Excel and R Integration: Advanced Statistical Analysis and Custom Visualizations

In this tutorial, we will show how to integrate Excel and R to perform advanced statistical analysis and custom visualizations.

In this tutorial, we will show how to integrate Excel and R to perform advanced statistical analysis and custom visualizations.
Image by Editor
 

Microsoft Excel is a powerful tool that is widely used for data collection, processing, and basic analysis. However, when it comes to advanced statistical modeling, machine learning, and custom visualizations, the R programming language stands out. Integrating Excel and R allows analysts and researchers to benefit from Excel’s accessibility and R’s analytical power.

In this tutorial, we will show how to integrate Excel and R to perform advanced statistical analysis and custom visualizations.

Part 1: Set Up the Environment

Install Required Tools:

  • Download and install R.
  • Install RStudio (recommended).

Create a New R Script:

  • Click File tab >> select New File >> select R Script.
  • A blank white space will open in the top-left.
  • This is where you will copy and paste your code.
  • Save this file using:
  • Click File >> select Save As… >> name it excel_integration.R

Excel and R Integration: Advanced Statistical Analysis and Custom Visualizations

Install Required Packages:

  • In the script file, paste the following code.
install.packages("readxl")
install.packages("writexl")
install.packages("openxlsx")
install.packages("dplyr")
install.packages("ggplot2")
install.packages("psych")
install.packages("forecast")
install.packages("lubridate")
install.packages("corrplot")

These packages are used for data import/export, manipulation, statistics, and graphics.

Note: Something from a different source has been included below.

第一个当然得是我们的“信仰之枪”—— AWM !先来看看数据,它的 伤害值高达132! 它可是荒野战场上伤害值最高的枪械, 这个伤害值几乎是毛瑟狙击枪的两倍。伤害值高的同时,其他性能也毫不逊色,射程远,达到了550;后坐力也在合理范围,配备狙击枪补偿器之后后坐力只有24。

  • Now select all the lines >> click Run (top-right of the script window) or press Ctrl + Enter.
  • Wait until all packages are installed (you’ll see progress in the Console below).

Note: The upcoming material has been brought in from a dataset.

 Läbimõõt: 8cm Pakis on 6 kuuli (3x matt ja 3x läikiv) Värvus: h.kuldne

Excel and R Integration: Advanced Statistical Analysis and Custom Visualizations

Load the Libraries:

Below the install lines, paste the following code in the R script.

library(readxl)
library(writexl)
library(openxlsx)
library(dplyr)
library(ggplot2)
library(psych)
library(forecast)
library(lubridate)
library(corrplot)
  • Select the block and press Run again.

Part 2: Import Excel Data into R

To import data from an Excel file, save the file, for example, SalesData.xlsx, in a known directory, and copy the file path.

#Load library
library(readxl)

# Load Excel file
file_path <- ""C:\Users\YourName\Documents\R\SalesData.xlsx"
data <- read_excel(file_path)

# View the data
print(data)

This loads the Excel sheet into R and prints it to verify correctness.

Excel and R Integration; Advanced Statistical Analysis and Custom Visualizations

Part 3: Exploratory Data Analysis with R

Now that we have our data in R, let’s perform some exploratory analysis that would be tedious or impossible in Excel alone.

Descriptive Statistics

## Generate summary statistics
summary(data)  # Gives basic min, max, mean, quartiles

#Load library
library(psych)

# More detailed stats including skewness and kurtosis
describe(data)  

Excel and R Integration: Advanced Statistical Analysis and Custom Visualizations

Group by Category and Sales

You can group the sales based on category.

#Load library
library(dplyr)

## Calculate statistics by Category
category_stats <- data %>%
  group_by(Category) %>%
  summarize(
    Total_Sales = sum(`Total Sales`),
    Average_Price = mean(`Unit Price`),
    Total_Units = sum(Quantity),
    Number_of_Products = n_distinct(Product)
  ) %>%
  arrange(desc(Total_Sales))
print(category_stats)

Excel and R Integration: Advanced Statistical Analysis and Custom Visualizations

Part 4: Advanced Statistical Analysis

Linear Regression

You can evaluate how price and quantity affect total sales.

#Linear Regression
model <- lm(`Total Sales` ~ `Unit Price` + Quantity, data = data)
summary(model)
  • Look for coefficients and p-values to interpret variable significance.
  • The R-squared value tells you how well the model fits.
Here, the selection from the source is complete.